Her impudence amused the miner. "Perhaps I am--in principle."

"But only in principle," she murmured, tilting a radiant challenge at him.

"Exactly--in principle," he agreed. There was humor in his saturnine face.

Joyce ventured one daring step further. "But of course in practice----"

"You should have been a lawyer, Miss Seldon," he countered. "If you were, my reply would be that by advice of counsel I must decline to answer."

"Oh, by advice of counsel! Dear me, that sounds dreadfully legal, doesn't it, Moya? Isn't that what criminals say when----?"

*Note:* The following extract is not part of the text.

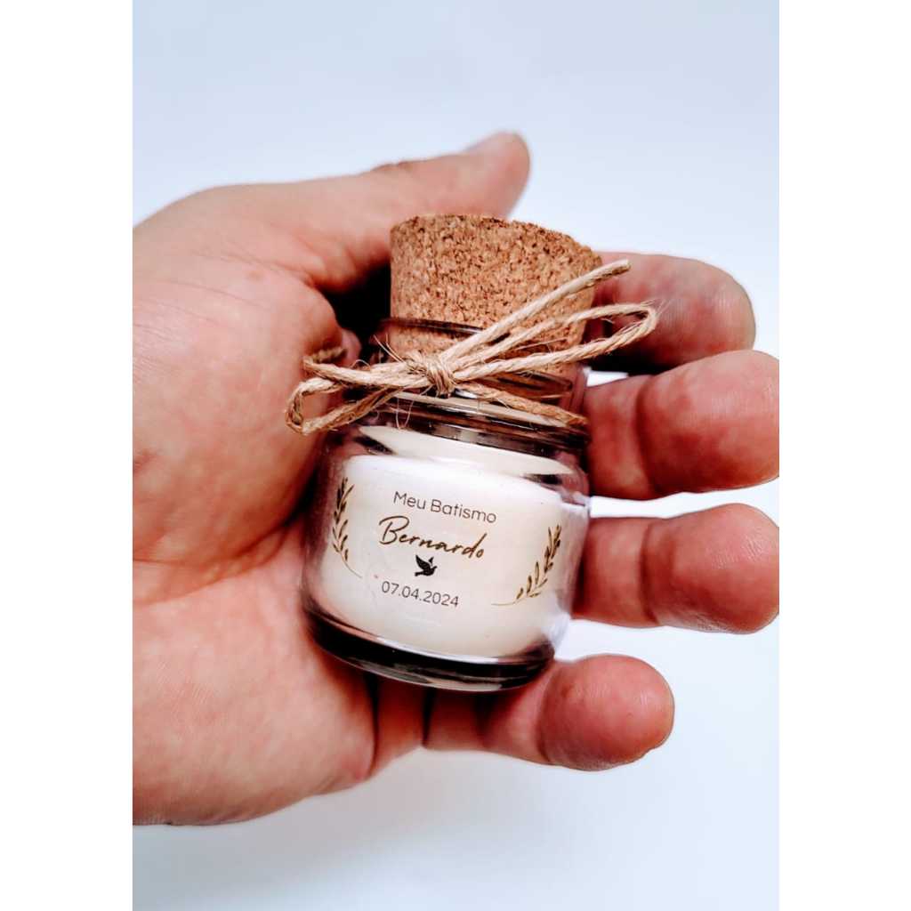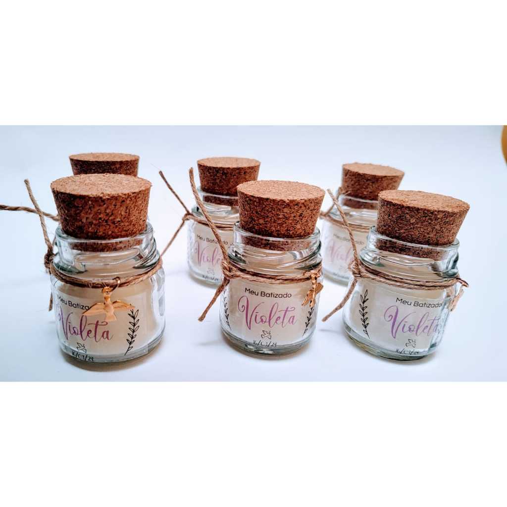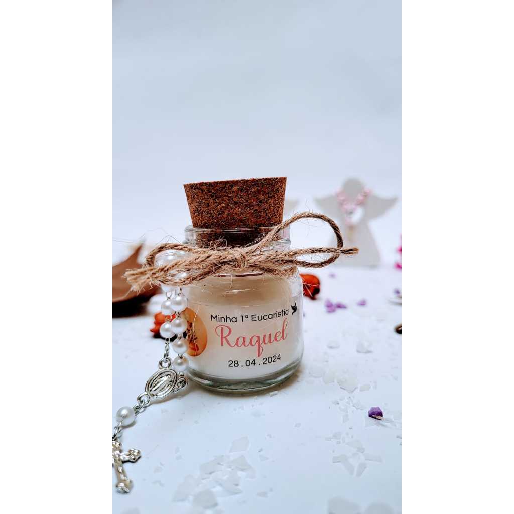 8 vela + rolha + vidro para casamento - batizado - batizmo - 15 anos personalizada + mini terço + organza

"----When they don't want to give themselves away. I believe it is," he tossed back with the same lightness. "Before I make confession I shall want to know whether you are on my side--or Verinder's."

Under the steady look of his bold, possessive eyes the long silken lashes fell to the soft cheeks. Joyce understood the unvoiced demand that lay behind the obvious one. He had thrown down the gage of battle. Was she for Verinder or for him? If he could have offered her one-half the advantages of his rival, her answer would not have been in doubt. But she knew she dared not marry a poor man, no matter how wildly his presence could set her pulses flying or how great her longing for him. Not the least intention of any romantic absurdity was in her mind. When the time came for choice she would go to Verinder and his millions. But she did not intend to let Jack Kilmeny go yet.